Supplied material:
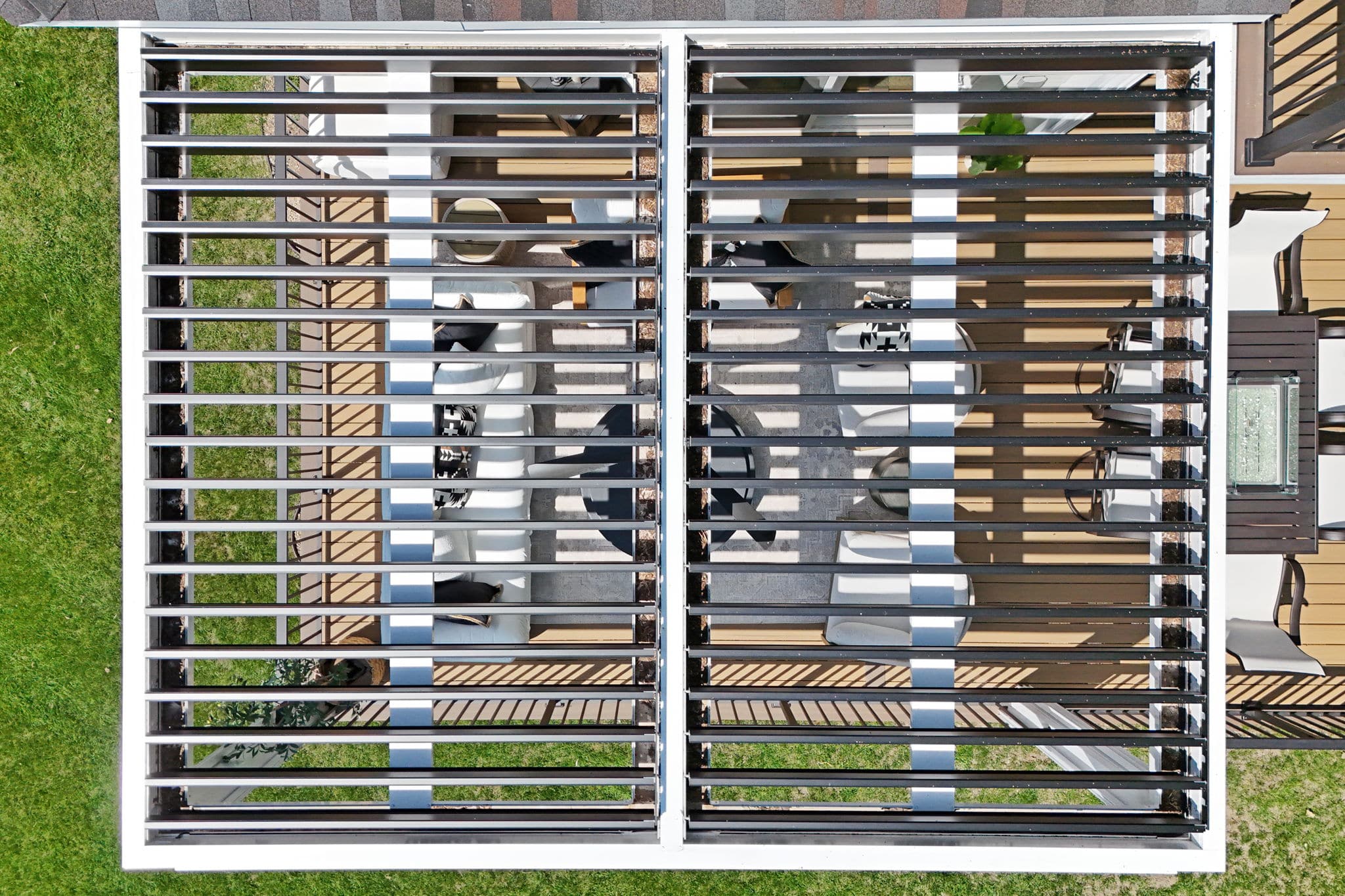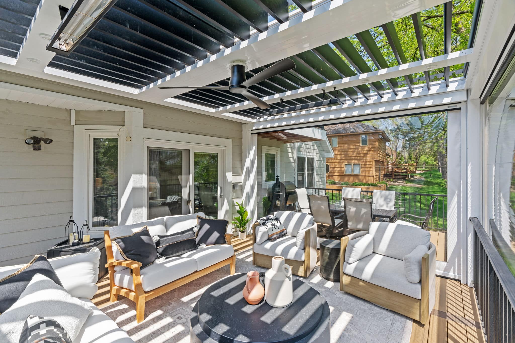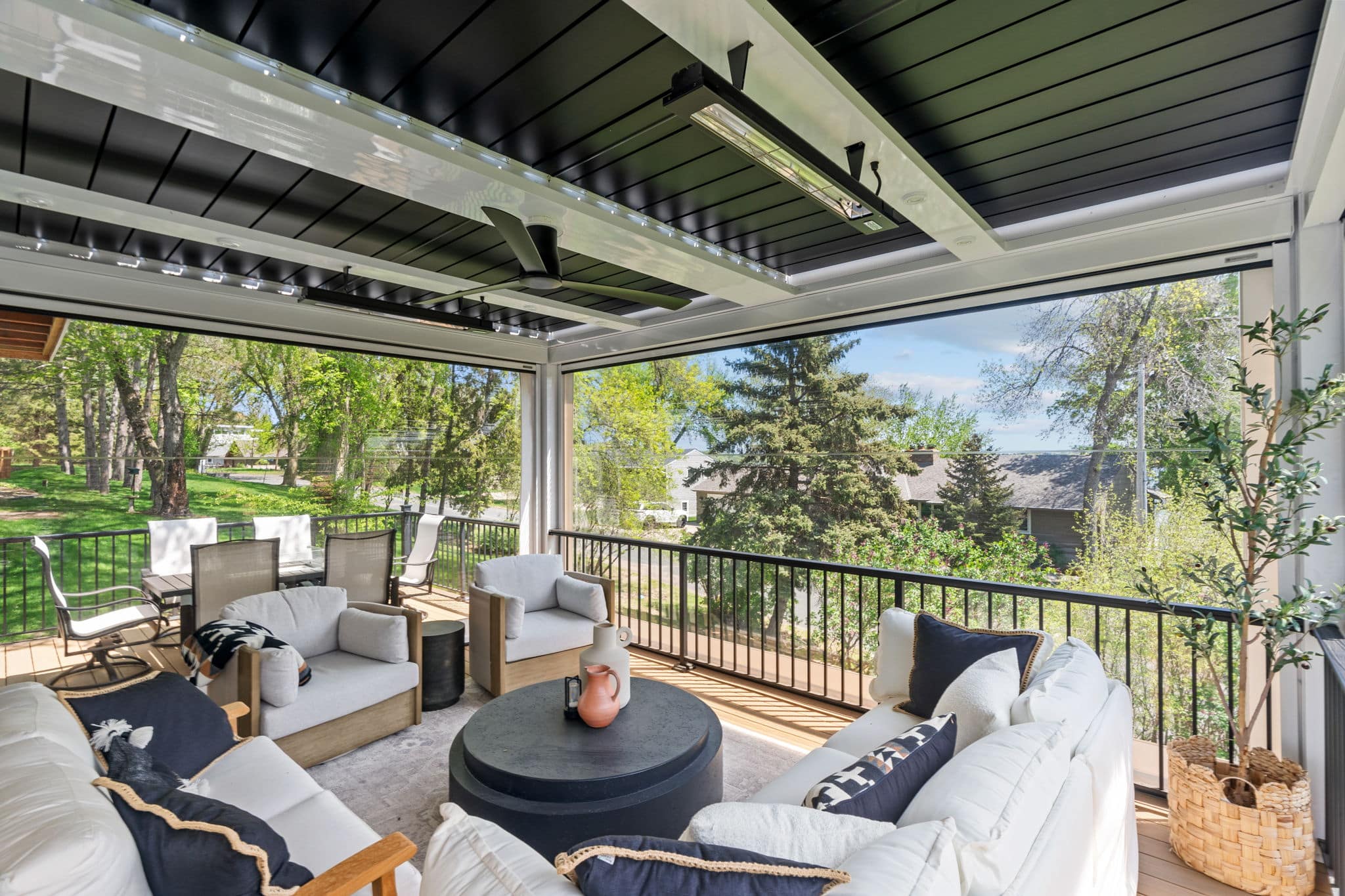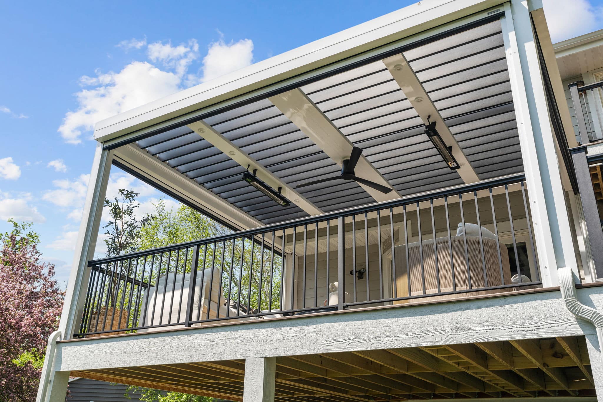 This upper level louvered roof project required working around existing structural elements such as a small 3rd floor deck. We matched the existing trim color to the support beams and used a black contracting louver to create a cohesive outdoor space. Motorized retractable screens allow for complete blocking of rain and wind while allowing for flexibility and privacy for the space.
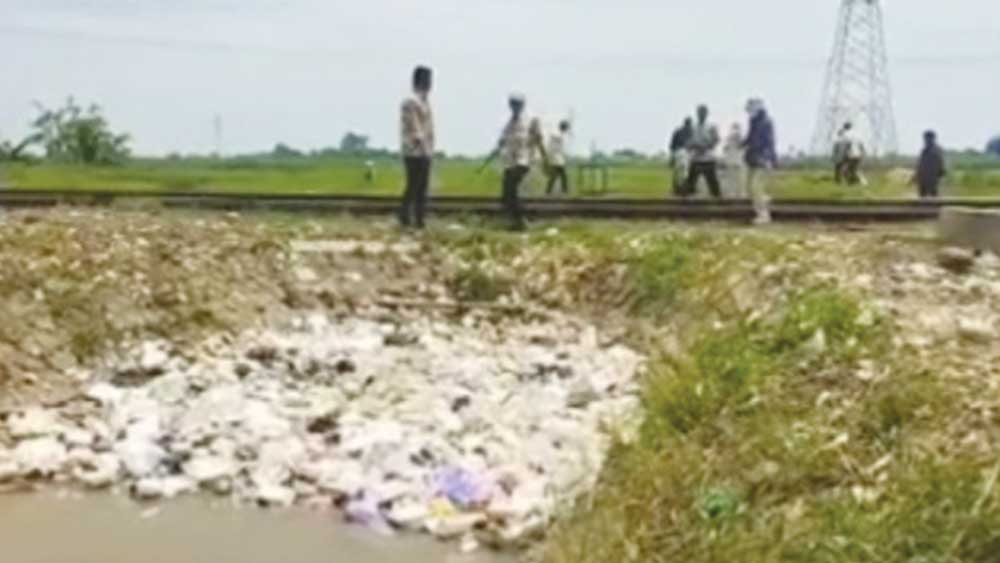 KONDISI saluran irigasi di bawah jalan kereta api double track di Desa Cibogo, Kecamatan Waled, Kabupaten Cirebon, yang mengalami pendangkalan serta banyak tumpukan sampah, belum lama ini.* (Foto: Dokumen/Suara Cirebon)
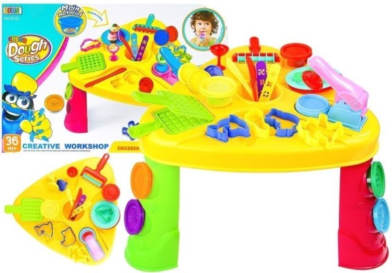 Stolik zawiera mnóstwo akcesoriów do zabawy w tworzenie i modelowanie z ciastoliny.
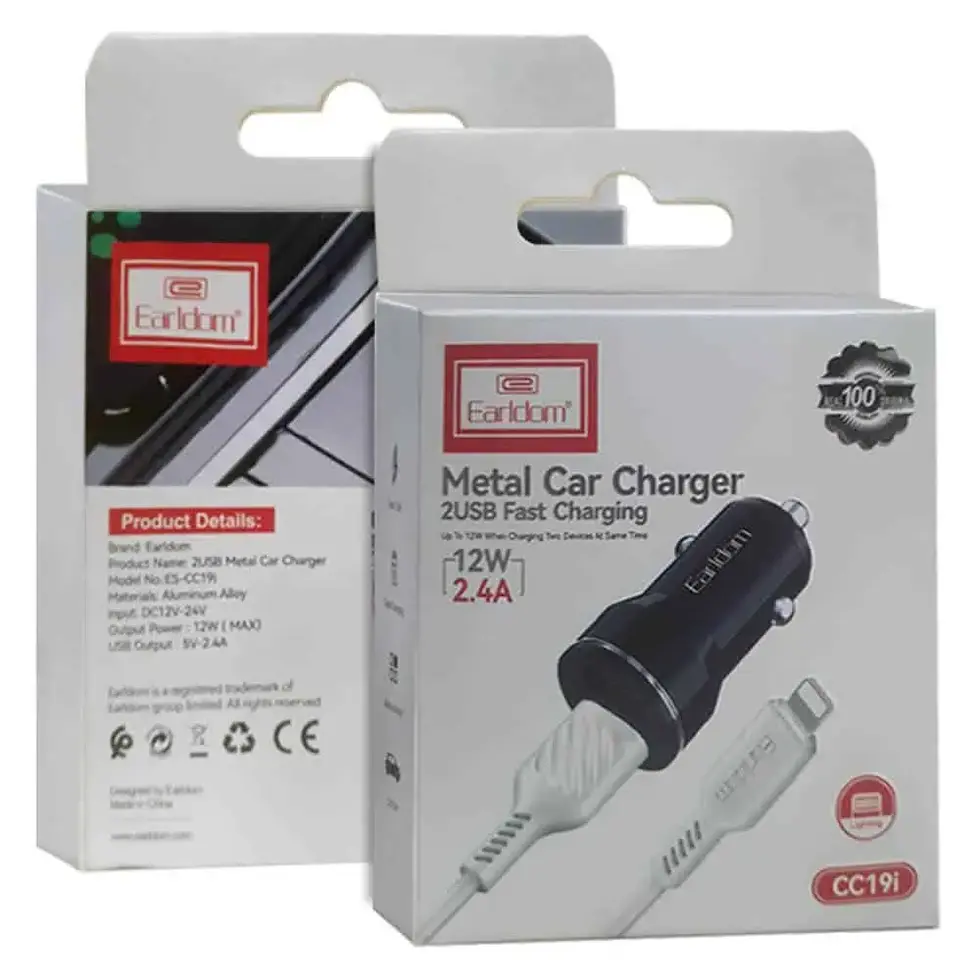 Introducing the Earldom Branded 2 USB 12W 2.4A Metal Fast Car Charger with USB A to Lightning Cable – the ultimate solution for keeping your devices powered up while on the go. This premium car charger ensures that your gadgets are always ready, delivering high-speed charging in a sleek and durable package.
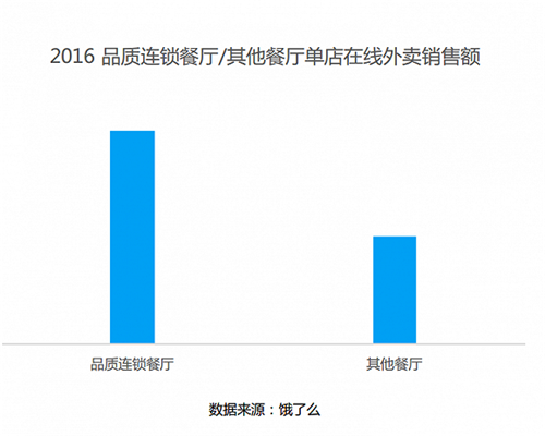 2016年,在線外賣平臺餓了么季度客單價提升19%,與此同時品質連鎖餐廳入駐外賣平臺數量大幅提升,同時營業額相比普通餐廳也較高。
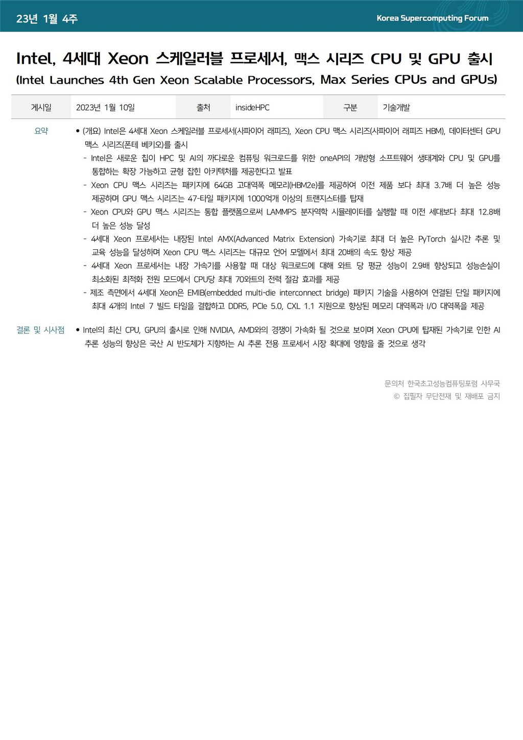 Intel, 4세대 Xeon 스케일러블 프로세서, 맥스 시리즈 CPU 및 GPU 출시
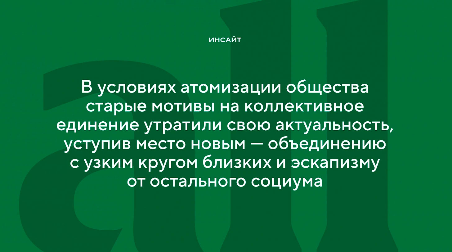 Исследования показали: старый пивной мотив «единение большой компании» больше не работает. В условиях атомизации общества люди ищут не массового объединения, а общения в ближнем круге, микро-коммьюнити, где можно быть собой и делиться личным. Это компании друзей, трайбы поздних миллениалов, для которых важно доверие, а не масштаб.
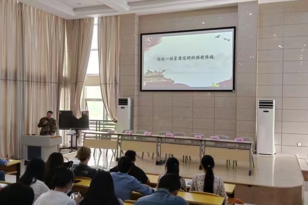 迎江区滨江街道党工委委员、纪工委书记、武装部长许振进行了征兵政策宣讲,鼓励毕业生积极响应党和国家的号召,携笔从戎、参军入伍。
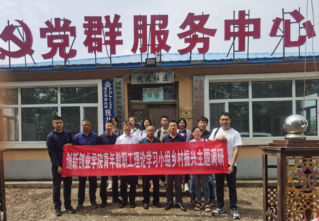 6月21日,创新创业学院青年教职工理论学习小组(党员突击队)由副院长杨兆楠带队,一行9人赴绥化市绥棱县泥尔河乡抚北村开展了“加强政治理论学习、推动创新创业教育、提升服务育人能力,促进乡村可持续发展”的主题教育社会实践调研活动。
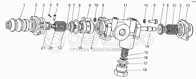 Каталог запасных частей к технике: МЗКТ-74296. Кран накачки шин 543-4222010-21
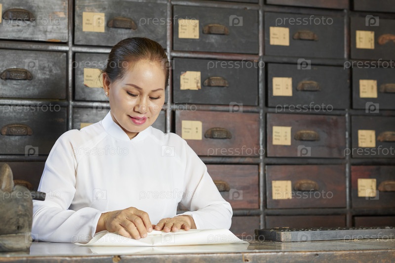 Практикующий китайскую медицину обертывает сухие корни и грибы
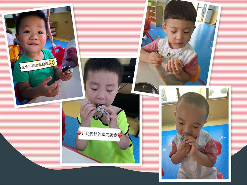生活老师将寿司分到各个班级,当进教室时小朋友们两眼放光看着老师手上拿的寿司,吵着“我要吃,我要吃……”小朋友都迫不及待地想吃啦……

Exercise requirements: Your answer must be the full listing, reproduced word for word, without its pictures.

Your response:
 This upper level louvered roof project required working around existing structural elements such as a small 3rd floor deck. We matched the existing trim color to the support beams and used a black contracting louver to create a cohesive outdoor space. Motorized retractable screens allow for complete blocking of rain and wind while allowing for flexibility and privacy for the space.
 KONDISI saluran irigasi di bawah jalan kereta api double track di Desa Cibogo, Kecamatan Waled, Kabupaten Cirebon, yang mengalami pendangkalan serta banyak tumpukan sampah, belum lama ini.* (Foto: Dokumen/Suara Cirebon)
 Stolik zawiera mnóstwo akcesoriów do zabawy w tworzenie i modelowanie z ciastoliny.
 Introducing the Earldom Branded 2 USB 12W 2.4A Metal Fast Car Charger with USB A to Lightning Cable – the ultimate solution for keeping your devices powered up while on the go. This premium car charger ensures that your gadgets are always ready, delivering high-speed charging in a sleek and durable package.
 2016年,在線外賣平臺餓了么季度客單價提升19%,與此同時品質連鎖餐廳入駐外賣平臺數量大幅提升,同時營業額相比普通餐廳也較高。
 Intel, 4세대 Xeon 스케일러블 프로세서, 맥스 시리즈 CPU 및 GPU 출시
 Исследования показали: старый пивной мотив «единение большой компании» больше не работает. В условиях атомизации общества люди ищут не массового объединения, а общения в ближнем круге, микро-коммьюнити, где можно быть собой и делиться личным. Это компании друзей, трайбы поздних миллениалов, для которых важно доверие, а не масштаб.
 迎江区滨江街道党工委委员、纪工委书记、武装部长许振进行了征兵政策宣讲,鼓励毕业生积极响应党和国家的号召,携笔从戎、参军入伍。
 6月21日,创新创业学院青年教职工理论学习小组(党员突击队)由副院长杨兆楠带队,一行9人赴绥化市绥棱县泥尔河乡抚北村开展了“加强政治理论学习、推动创新创业教育、提升服务育人能力,促进乡村可持续发展”的主题教育社会实践调研活动。
 Каталог запасных частей к технике: МЗКТ-74296. Кран накачки шин 543-4222010-21
 Практикующий китайскую медицину обертывает сухие корни и грибы
生活老师将寿司分到各个班级,当进教室时小朋友们两眼放光看着老师手上拿的寿司,吵着“我要吃,我要吃……”小朋友都迫不及待地想吃啦……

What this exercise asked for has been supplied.